Мойра улыбнулась. Временами, когда Минни не становилась жуткой головной болью, она любила свою младшую сестру. Она даже тосковала по ней, когда та уезжала. Зато она не скучала без материнских писем. Мать писала часто и постоянно требовала сообщить, в чем дело, что Мойра делает не так, если Минерва до сих пор не обручена.
Единственное, почему Мойра не приглашала ее, чтобы она сама занималась поиском мужа для Минни, было то, что она терпеть не могла свою мать. Наверное, со стороны это выглядело ужасно, но Мойра не могла заставить себя думать по-другому. Большинство людей, которые знали Элоизу Баннинг, не любили ее. Она была несносна.
Как Мойра была благодарна судьбе за встречу с Энтони Тиндейлом! У нее в жизни было мало друзей, и Тони стал самым главным. Она тут же воспользовалась шансом выскочить за него замуж, попрощаться с семьей и не возвращаться к прошлому. Ей и в голову не пришло, что она может пожалеть об этом, что в один прекрасный день ей захочется, чтобы муж смог полюбить ее – он-то ей нравился – так, как мужья должны любить своих жен.
Жизнь виконтессы требовала большой отдачи. Мойра никогда не могла подумать, что вечера и балы могут стать неприятной ежедневной обязанностью. Иногда она предпочла бы выдрать зуб, лишь бы не выходить из дома. Ей пришлось как следует похудеть, чтобы стать элегантной и привлекательной. И Тони запретил ей худеть дальше. Можно такое себе представить?

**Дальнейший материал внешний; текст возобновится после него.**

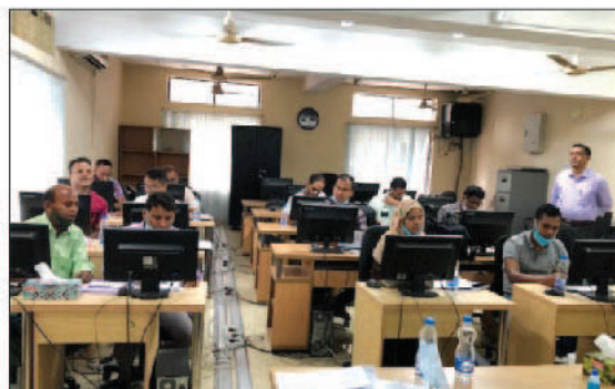
JMIIIP: A view of the practice session of Web Based Holding Tax Assessment Software held at RTC Mymensingh during 11-13 October, 2021

Кроме того, были приемы, которые они устраивали в своем собственном доме. Тони дал Мойре полную свободу заниматься домом, и она воспользовалась этим правом. Она устроила так, что слуги делали свое дело незаметно и на самом высоком уровне. Она добилась, чтобы каждая комната в доме стала своеобразным учебником по стилю и элегантности, чтобы драпировки были приятны на ощупь, а цвета радовали глаз. Она сама сделала свою карьеру – лучшей виконтессы, какой она только может быть, и никто не смог бы найти ни малейшего изъяна в жене виконта Осборна.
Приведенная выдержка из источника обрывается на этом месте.